If your recursive algorithm uses the uri of the child instead of the name of
the child, then those kinds of mistakes just can't happen. Note that both the
child's name and the child's URI are included in the results of listing the
parent directory, so it isn't any harder to use the URI for this purpose.

In general, use names if you want "whatever object (whether file or
directory) is found by following this name (or sequence of names) when my
request reaches the server". Use URIs if you want "this particular object".

4. features for controlling your tahoe node from a standard web browser

a. uri redirect

  GET http://localhost:8011/uri?uri=$URI

  This causes a redirect to /uri/$URI, and retains any additional query
  arguments (like filename= or save=). This is for the convenience of web
  forms which allow the user to paste in a URI (obtained through some
  out-of-band channel, like IM or email).

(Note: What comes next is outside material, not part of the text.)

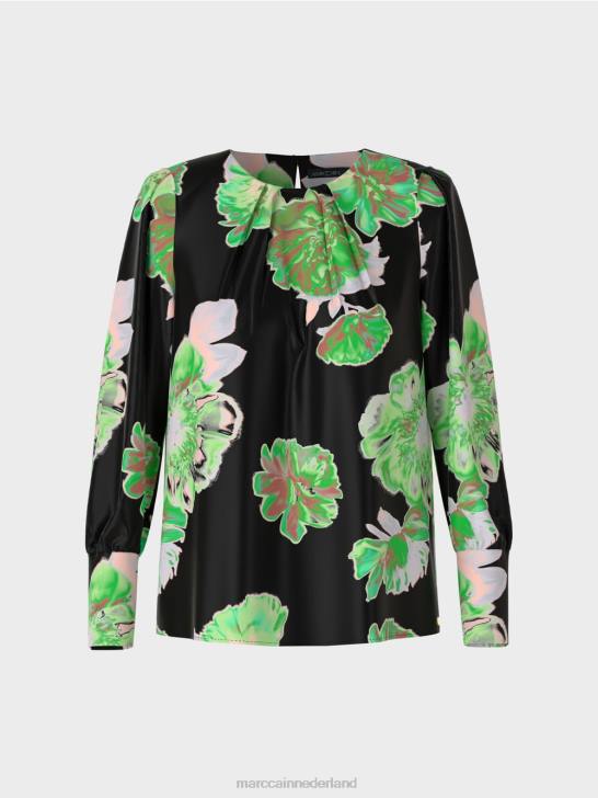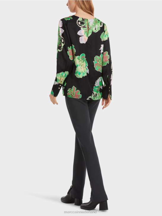 soepel vallende blouse van viscose. deze blouse presenteert zich vrouwelijk met een romantische bloemenprint. De snit heeft ook speelse details zoals een geplooide ronde halslijn met een delicate knoopsluiting bij de hals. bijpassende mouwen zijn aan de inzet voorzien van ruches en eindigen in een brede manchet met fijne metalen knoopjes. de rechte snit heeft een casual wijdte.

  Note that this form merely redirects to the specific file or directory
  indicated by the URI: unlike the GET /uri/$URI form, you cannot traverse to
  children by appending additional path segments to the URL.

b. web page offering rename

  GET $URL?t=rename-form&name=$CHILDNAME

  This provides a useful facility to browser-based user interfaces. It
  returns a page containing a form targetting the "POST $URL t=rename"
  functionality described below, with the provided $CHILDNAME present in the
  'from_name' field of that form. I.e. this presents a form offering to
  rename $CHILDNAME, requesting the new name, and submitting POST rename.

c. POST forms

  POST $URL
  t=upload
  name=childname  (optional)
  file=newfile
  This instructs the node to upload a file into the given directory. We need
  this because forms are the only way for a web browser to upload a file
  (browsers do not know how to do PUT or DELETE). The file's contents and the
  new child name will be included in the form's arguments. This can only be
  used to upload a single file at a time. To avoid confusion, name= is not
  allowed to contain a slash (a 400 Bad Request error will result).

  POST $URL
  t=mkdir
  name=childname

  This instructs the node to create a new empty directory. The name of the
  new child directory will be included in the form's arguments.

  POST $URL
  t=uri
  name=childname
  uri=newuri

  This instructs the node to attach a child that is referenced by URI (just
  like the PUT $URL?t=uri method). The name and URI of the new child
  will be included in the form's arguments.

  POST $URL
  t=delete
  name=childname

  This instructs the node to delete a file from the given directory. The name
  of the child to be deleted will be included in the form's arguments.

  POST $URL
  t=rename
  from_name=oldchildname
  to_name=newchildname

  This instructs the node to rename a child within the given directory. The
  child specified by 'from_name' is removed, and reattached as a child named
  for 'to_name'. This is unconditional and will replace any child already
  present under 'to_name', akin to 'mv -f' in unix parlance.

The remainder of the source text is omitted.